Eigenvalue Problem for Tensors of Even Rank and its Applications in Mechanics

Abstract

In this paper, we consider the eigenvalue problem for a tensor of arbitrary even rank. In this connection, we state definitions and theorems related to the tensors of moduli ℂ2p(Ω) and ℝ2p(Ω), where p is an arbitrary natural number and Ω is a domain of the n-dimensional Riemannian space ℝn. We introduce the notions of minor tensors and extended minor tensors of rank (2ps) and order s, the corresponding notions of cofactor tensors and extended cofactor tensors of rank (2ps) and order (N−s), and also the cofactor tensors and extended cofactor tensors of rank 2p(N−s) and order s for rank-(2p) tensor.
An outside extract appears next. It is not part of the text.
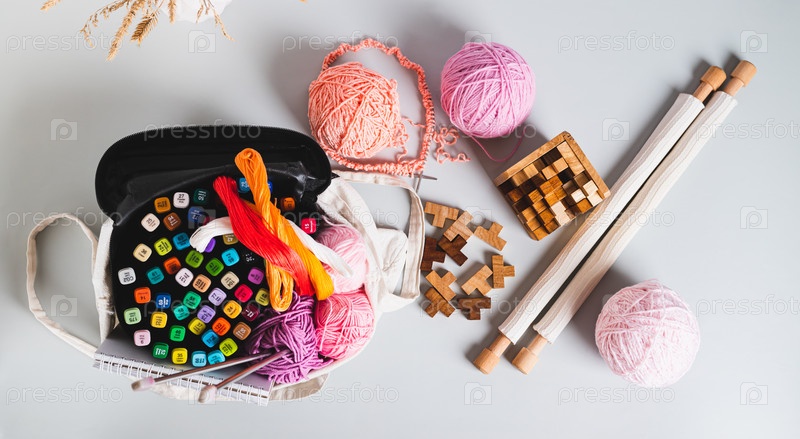 Аналоговый пакет из пряжи, маркеров, блокнотов, вязальных игл и загадок с веб-баннерами для верхнего просмотра
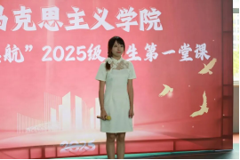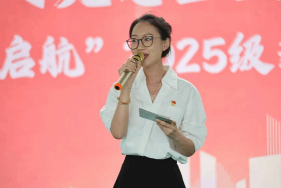 随后,朗诵《颂我华夏,扬我国魂》拉开思政教育的序幕。王子毓、冯禹淇两位同学以铿锵之音,从山河壮丽到文脉绵长,从薪火相传到星辰大海,带领现场师生感受华夏千年底蕴与时代脉搏,筑牢思政人的精神根基;赵子琪同学演唱的红歌《万疆》,则以磅礴旋律唱出盛世豪情,激发新生“以青春之我建设青春之中国”的赤子之心。

We present formulas for calculation of these tensors through their components and prove the Laplace theorem on the expansion of the determinant of a rank-(2p) tensor by using the minor and cofactor tensors. We also obtain formulas for the classical invariants of a rank-(2p) tensor through minor and cofactor tensors and through first invariants of degrees of a rank-(2p) tensor and the inverse formulas. A complete orthonormal system of eigentensors for a rank-(2p) tensor is constructed. Canonical representations for the specific strain energy and determining relations are obtained. A classification of anisotropic linear micropolar media with a symmetry center is proposed. Eigenvalues and eigentensors for tensors of elastic moduli for micropolar isotropic and orthotropic materials are calculated.